Nasza Loteria SR - pasek na kartach artykułów

Burmistrz Dobiegniewa Leszek Waloch: - Niech mieszkańcy zdecydują, czy mam rządzić drugą kadencję

Mateusz Feder 507 050 587 [email protected]
Leszek Waloch. Ma 51 lat. Startuje z własnego komitetu który ma imię i nazwisko kandydata. Rządzi pierwszą kadencję, wcześniej był m. in. dyrektorem Lubuskiego Zarządu Drogowych Przejść Granicznych. Uważa, że bycie samorządowcem to generalnie przyjemność.
Leszek Waloch. Ma 51 lat. Startuje z własnego komitetu który ma imię i nazwisko kandydata. Rządzi pierwszą kadencję, wcześniej był m. in. dyrektorem Lubuskiego Zarządu Drogowych Przejść Granicznych. Uważa, że bycie samorządowcem to generalnie przyjemność. fot. Mateusz Feder
- Postawię swoją osobę do dyspozycji wyborców - mówi Leszek Waloch, burmistrz i kandydat na kolejną kadencję.

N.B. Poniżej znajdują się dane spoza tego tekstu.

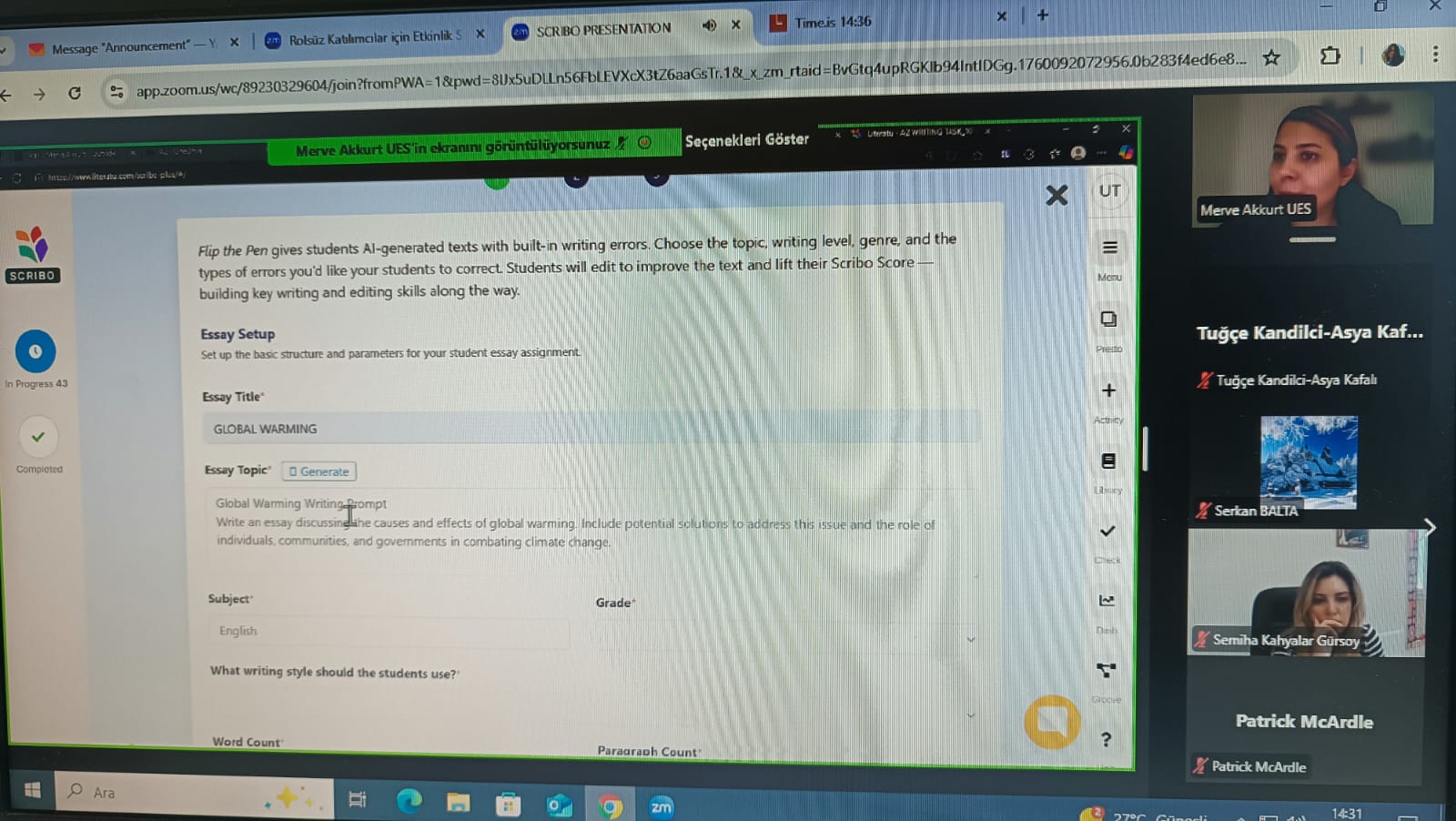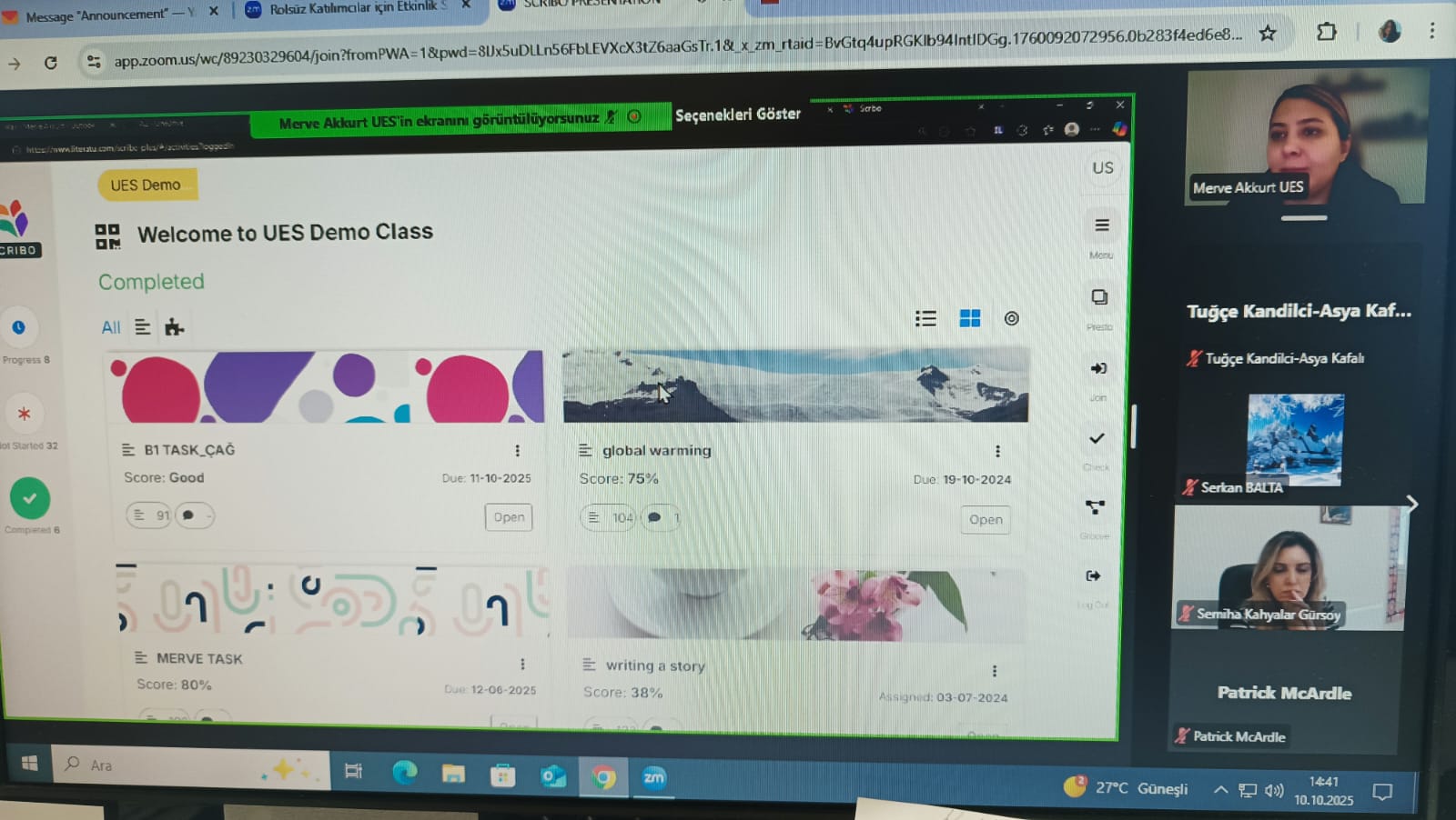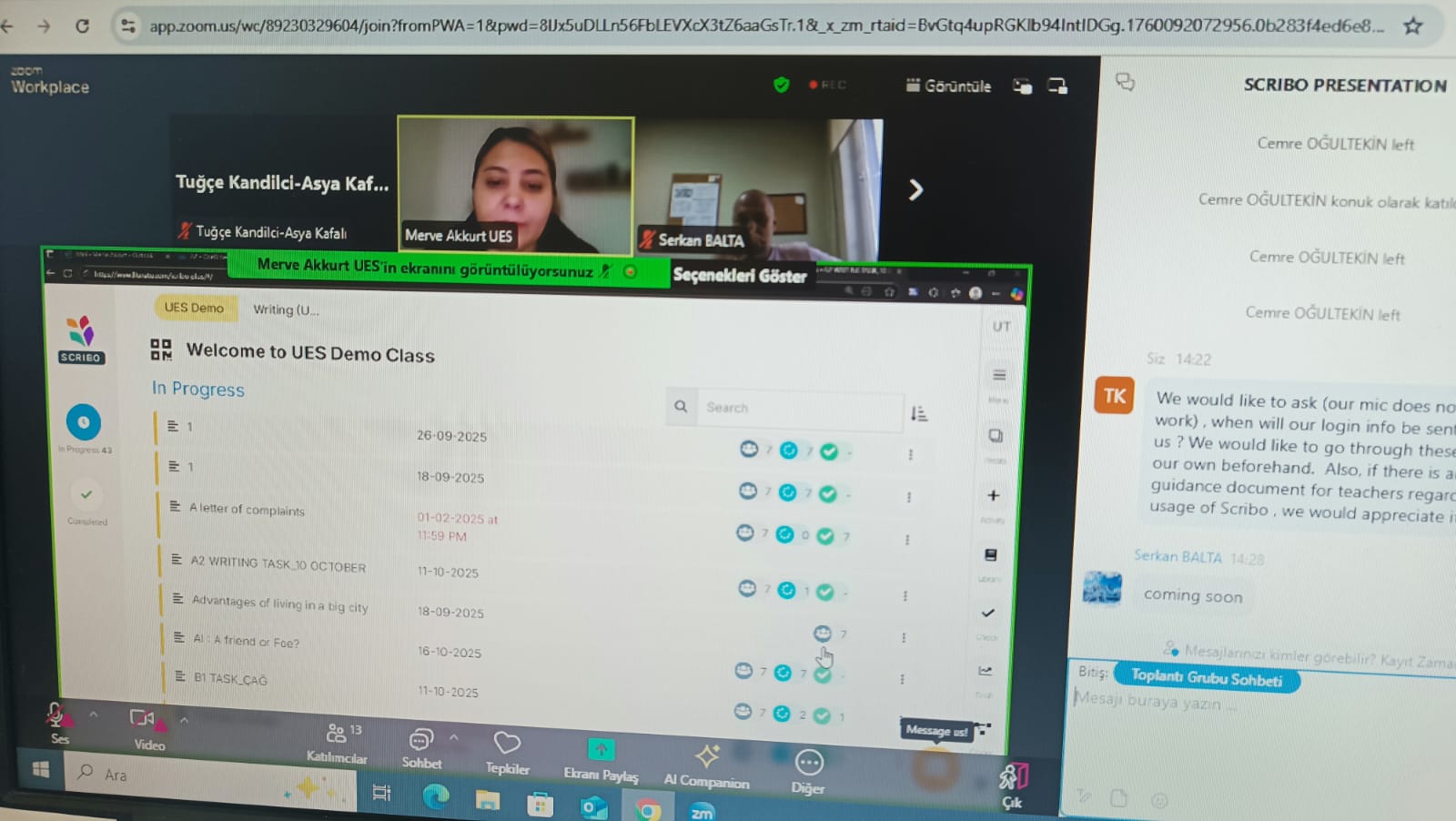 Yabancı Diller Yüksekokulu öğretim elemanlarına yönelik olarak, Macmillan tarafından 11 Ekim Cuma günü saat 13:30’da Zoom üzerinden Scribo platformunun kullanımıyla ilgili çevrimiçi bir eğitim düzenlenmiştir. Eğitimde platformun temel işleyişi, öğrencilerin yazma görevlerine geri bildirim sağlamak amacıyla okuma ve yazma derslerimizde kullanımı hakkında kapsamlı bilgiler sunulmuş, başlıca özellikleri ayrıntılı olarak açıklanmış ve katılımcılar uygulamalı egzersizlerle platformun işlevlerini deneyimleme fırsatı bulmuştur.
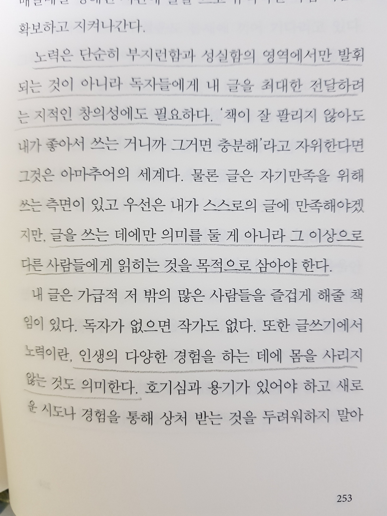 조금은 신변잡기 적인 내용도 들어있었기 때문에 모든 내용에 공감하고 인상 깊었다고 말할 수는 없겠다. 하지만 내가 항상 머릿속으로 생각하지만 글로 정리가 되지 않던 주제에 대해 명료하고 심도 깊게 표현되어 있는 부분들도 많았다. 답답했던 내 머릿속이 명쾌하게 뚫린 기분이 들었다. 그 부분을 중점적으로 정리하려고 한다.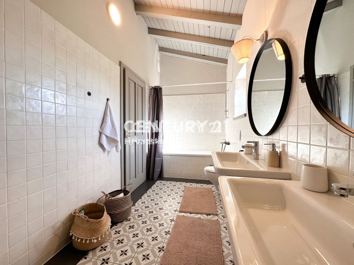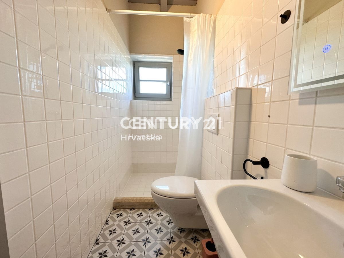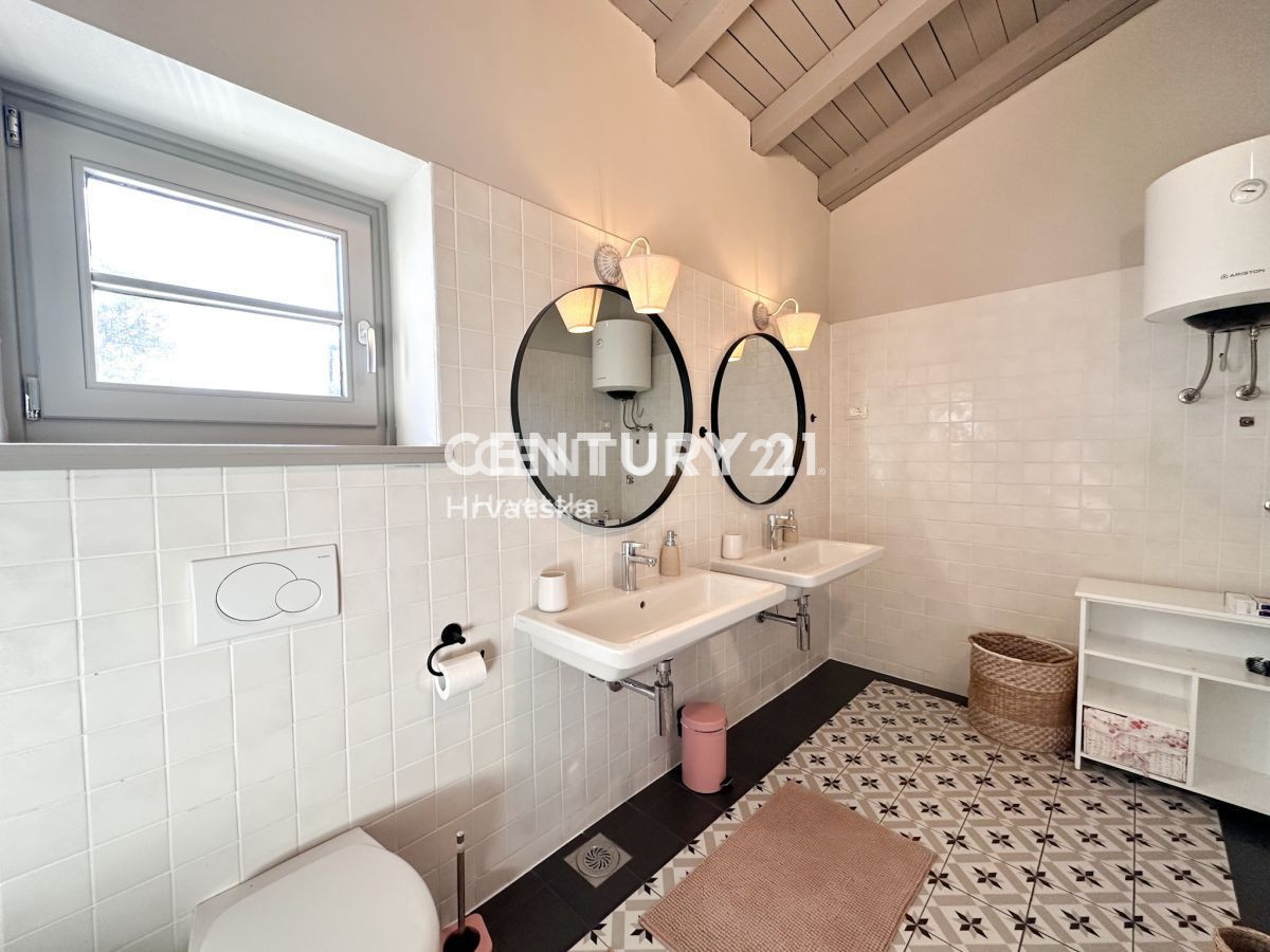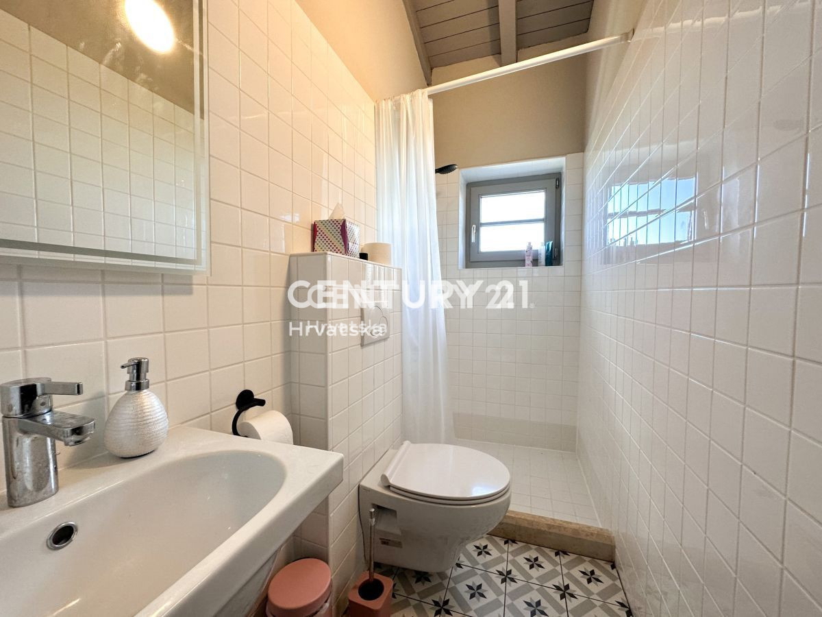 Poreč-Bereich, Steinhaus mit Pool und Meerblick In der Nähe von Poreč steht ein wunderschönes Steinhaus mit Meerblick zum Verkauf. Das Haus liegt am äußersten Rand des Dorfes und grenzt an landwirtschaftlich genutztes Land. Das Haus befindet sich auf ei

- Panie burmistrzu, klamka już zapadła? Powalczy pan o fotel burmistrza na drugą kadencję?
- Tak, kandyduję. Postawię swoja osobę do dyspozycji wyborców. Po minionej kadencji ludzie widzą co zostało zrobione, co się robi i mają później prawo wyboru.

- Jak na razie zanosi się, że wyborcy nie będą mieli z kogo wybierać. Pan do tej pory jest jedynym oficjalnym kandydatem. To świadczy o pana sile, konkurenci się pana boją?
- Ludzie widzą co się robi, mogą mnie nie lubić. Pamiętam jak w 1990 r. ówczesny burmistrz zaproponował mi stanowisko zastępcy burmistrza. Miałem wtedy 29 lat, więc poszedłem po radę do mojego ojca. A ten odpowiedział mi tak: "jeśli chcesz pójść tam do pracy i ucieszyć wszystkich, to nie idź. Natomiast jeśli z założenia będziesz chciał ucieszyć 50 proc. plus jeden, to próbuj."I to jest święta zasada po dzień dzisiejszy. Część jest z pewnością takich osób, która niekoniecznie musi mnie lubić. Nie rozpatruję tego dlaczego nie ma kontrkandydatów, czy mnie się boją, czy nie. Osoby, które chcą startować na burmistrza, to nie mogą być ludzie tacy byle być. Tacy ludzie widzą co jest zrobione i sobie zadają pytanie czy warto. Może chcą po prostu pozwolić na to, by to szło nadal tak jak idzie teraz.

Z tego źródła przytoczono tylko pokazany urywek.